(Record extracts begins)

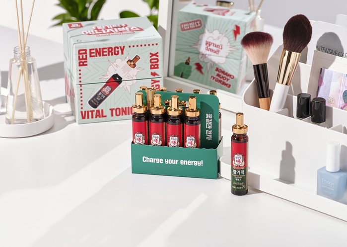 '정관장 활기력 에너지박스'는 6년근 홍삼농축액에 생강, 대추, 구기자 등 전통소재와 비타민 B, C를 배합한 앰플형 건강 드링크 ‘정관장 활기력(20㎖)’을 20병으로 리패키징한 카카오톡 선물하기 전용 제품이다.
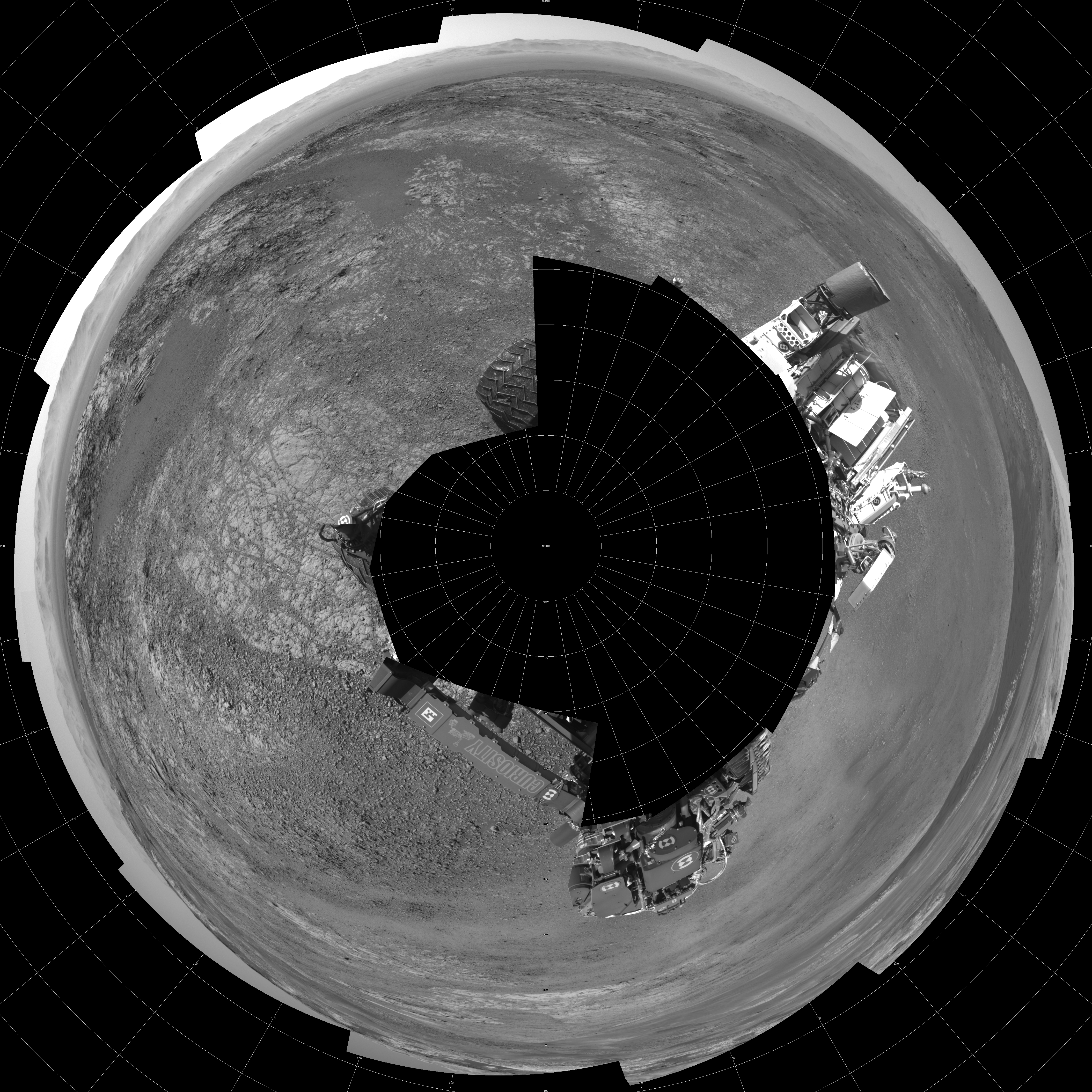 NASA's Mars rover Curiosity took 17 images in Gale Crater using its mast-mounted Left Navigation Camera (Navcam) to create this mosaic. The seam-corrected mosaic provides a polar stereographic projection panorama of the Martian surface with 0 degrees azimuth (measured clockwise from north) at the top of the image. Curiosity took the images on January 25, 2018, Sol 1944 of the Mars Science Laboratory mission at drive 2884, site number 67. The local mean solar time for the image exposures was from 1 PM to 2 PM. Each Navcam image has a 45-degree field of view. CREDIT: NASA/JPL-Caltech
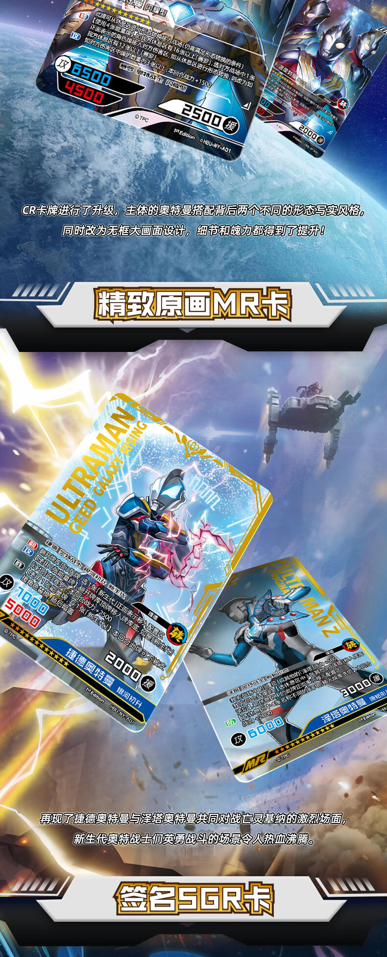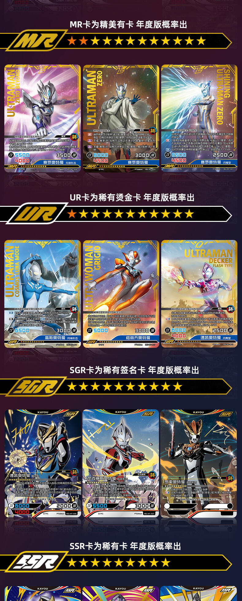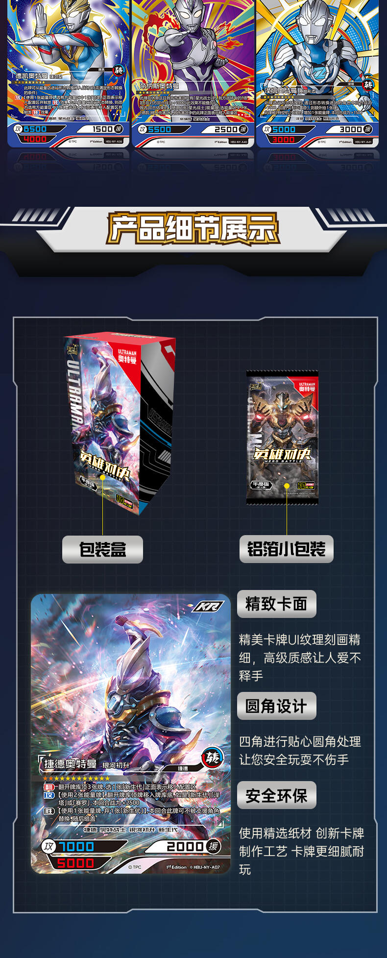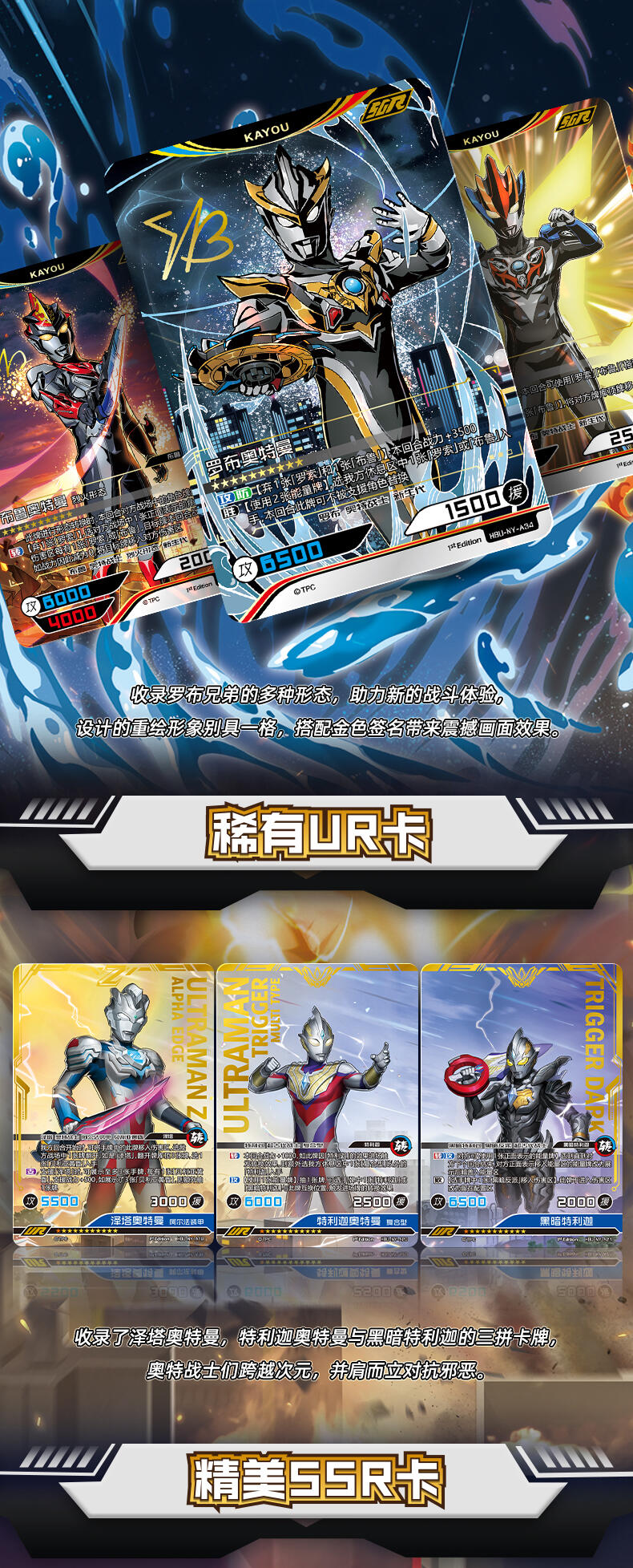 在本次年度版产品中,收录了一直以来备受好评的赛罗奥特曼的最新卡牌。与此同时,赛罗奥特曼的全新强劲对手——究极生命体阿布索留特 人的战士,阿布索留特·塔尔塔洛斯、阿布索留特·泰坦和阿布索留特·迪亚波罗也同样出现在了这里,两方剑拔弩张,史诗的光暗碰撞一触即发!
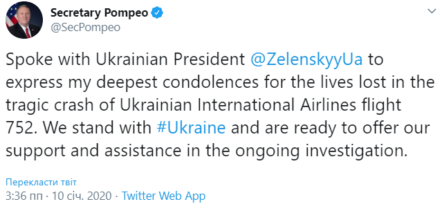 "Переговорил с президентом Украины Зеленским и выразил мои глубочайшие соболезнования в связи с гибелью людей в трагической катастрофе Украинских международных авиалиний, рейс 752. Мы поддерживаем Украину и готовы предложить нашу поддержку и помощь в предстоящем расследовании", - написал Помпео.
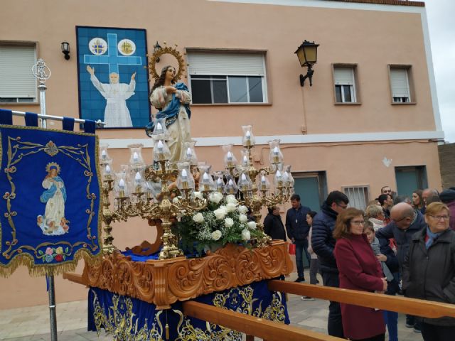 El miércoles 8 de diciembre, se celebra la solemnidad de la Purísima Concepción, con un pasacalles a partir de las 10 de la mañana con la música de la agrupación musical "Los Curros" y en su recorrido la Hermandad recoge a las hijas de María. A las 12 horas se oficia la eucaristía. Por la tarde, a las 18.30 horas, se realiza la procesión con la imagen de la Purísima Concepción y a mitad de la misma se disparará un luminoso castillo de fuegos artificiales.
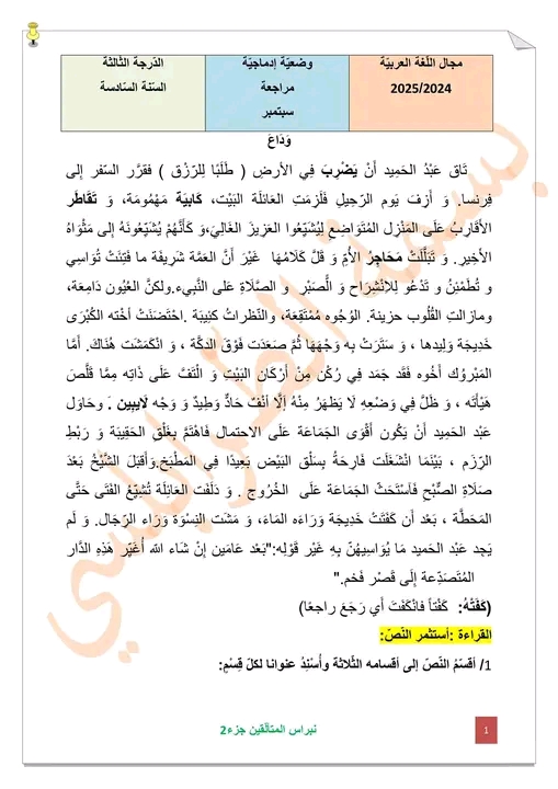 مراجعة عربية سنة سادسة
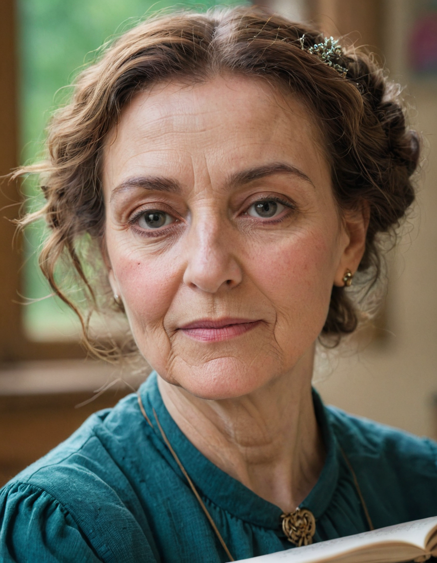 98 y.o. strong Teacher Lial, Bokeh, stylized by John Everett Millais, Camilla d'Errico and Enki Bilal, Cozy, Phase One XF IQ4 150MP, F/2.8, close-up
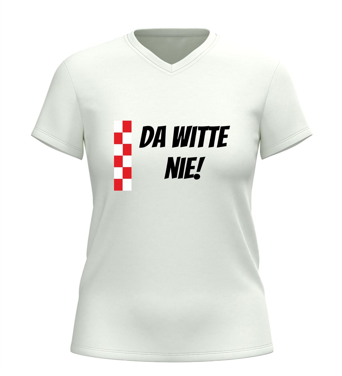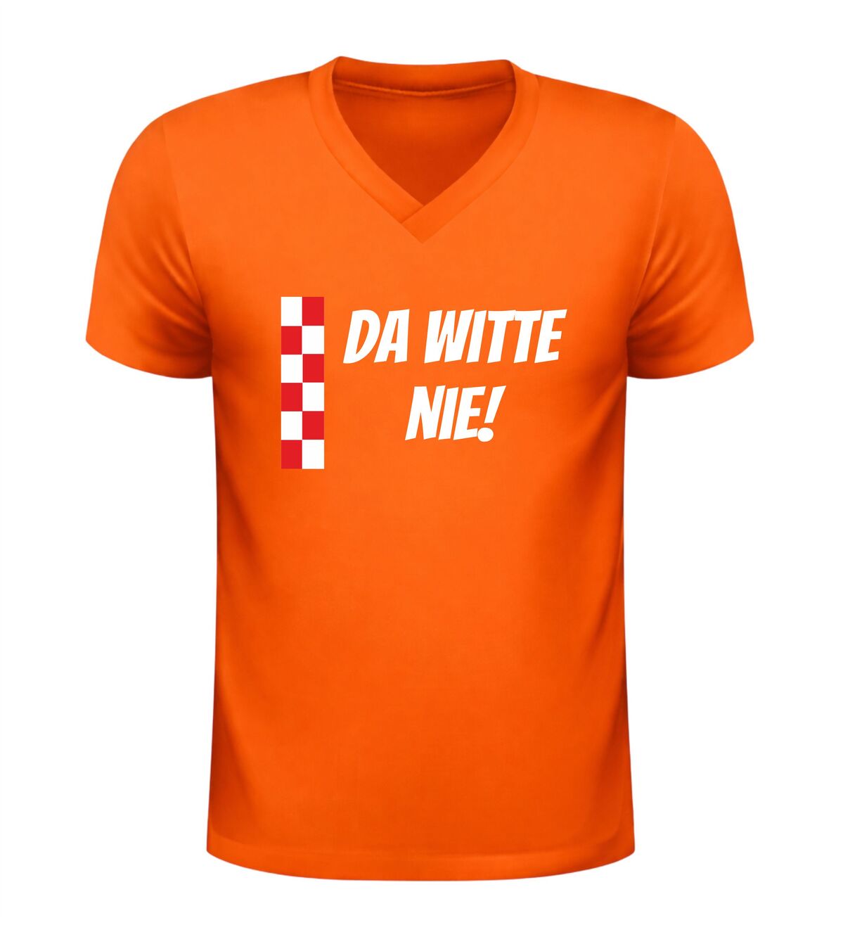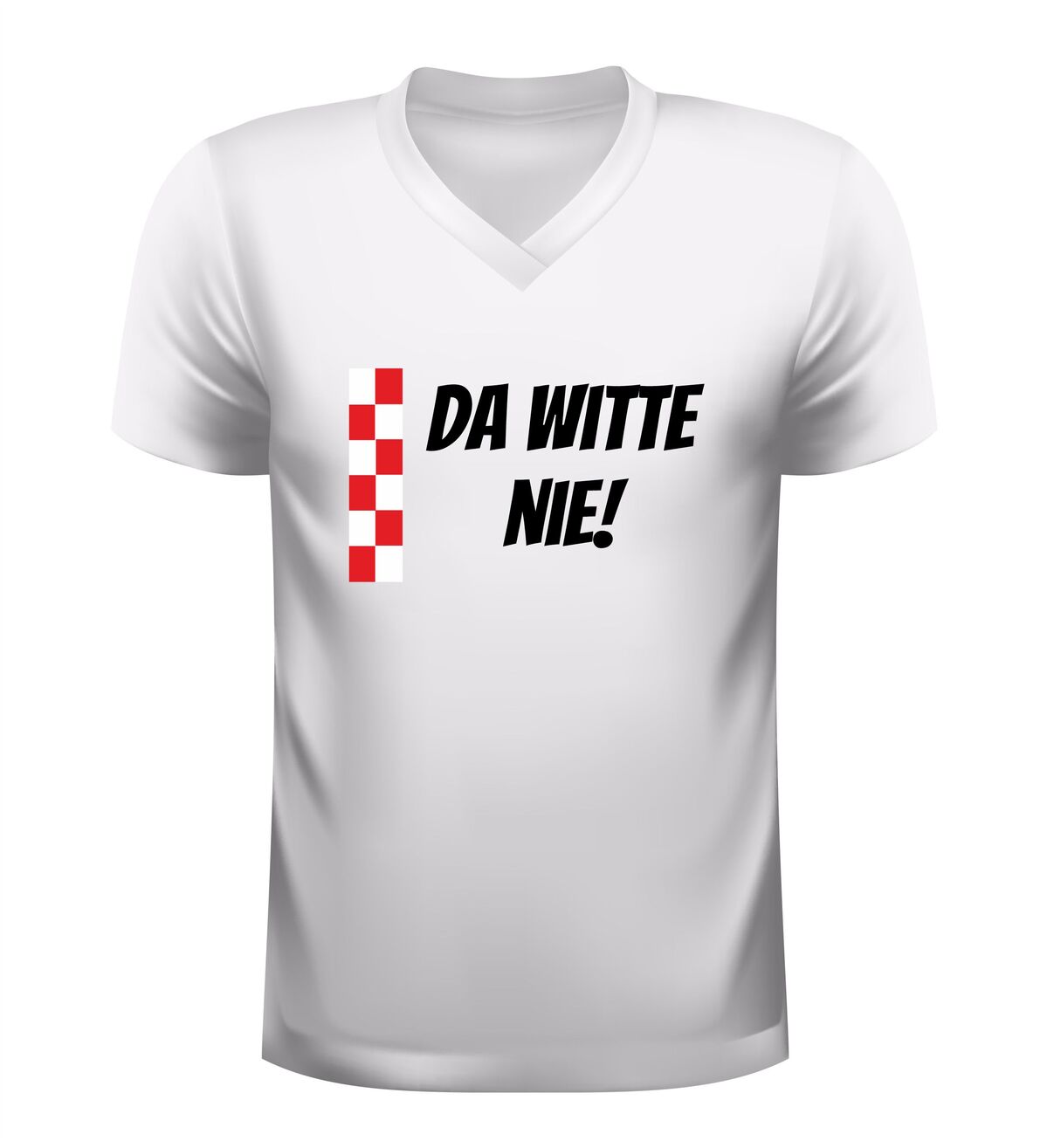 Dit Brabants V-hals T-shirt met de tekst da witte nie en een rood-wit geblokte Brabantse vlag is perfect voor carnaval, festivals en Brabantse feesten. Het shirt combineert een opvallende print met een comfortabele pasvorm en is geschikt voor zowel dames als heren. Dankzij het zachte en ademende materiaal zit het T-shirt prettig tijdens lange feestdagen. Ideaal als carnavalskleding, Brabants outfit of origineel cadeau voor iedereen die trots is op Brabant.
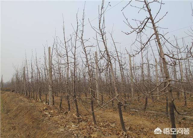 按高纺锤形树形要求,中心干与同部位主枝粗度比5~6:1。为达到这个比例,一般苹果树前两年冬季修剪时,都要将中心干上发出的主枝全部剪掉,并留马蹄形短桩( 留一二个隐芽,长1~2cm ) 。留短桩的目的是为了防止将中心干抹光后不再发枝,隐芽可发出较弱的枝条,与中心干拉开差距。

(Record extracts ends)

What to produce: Reproduce the final stretch of lines exactly: the line containing "98 y.o. strong" through the last line of the data, both included. Pictures do not belong in the copy.

Problem solution:
 98 y.o. strong Teacher Lial, Bokeh, stylized by John Everett Millais, Camilla d'Errico and Enki Bilal, Cozy, Phase One XF IQ4 150MP, F/2.8, close-up
 Dit Brabants V-hals T-shirt met de tekst da witte nie en een rood-wit geblokte Brabantse vlag is perfect voor carnaval, festivals en Brabantse feesten. Het shirt combineert een opvallende print met een comfortabele pasvorm en is geschikt voor zowel dames als heren. Dankzij het zachte en ademende materiaal zit het T-shirt prettig tijdens lange feestdagen. Ideaal als carnavalskleding, Brabants outfit of origineel cadeau voor iedereen die trots is op Brabant.
 按高纺锤形树形要求,中心干与同部位主枝粗度比5~6:1。为达到这个比例,一般苹果树前两年冬季修剪时,都要将中心干上发出的主枝全部剪掉,并留马蹄形短桩( 留一二个隐芽,长1~2cm ) 。留短桩的目的是为了防止将中心干抹光后不再发枝,隐芽可发出较弱的枝条,与中心干拉开差距。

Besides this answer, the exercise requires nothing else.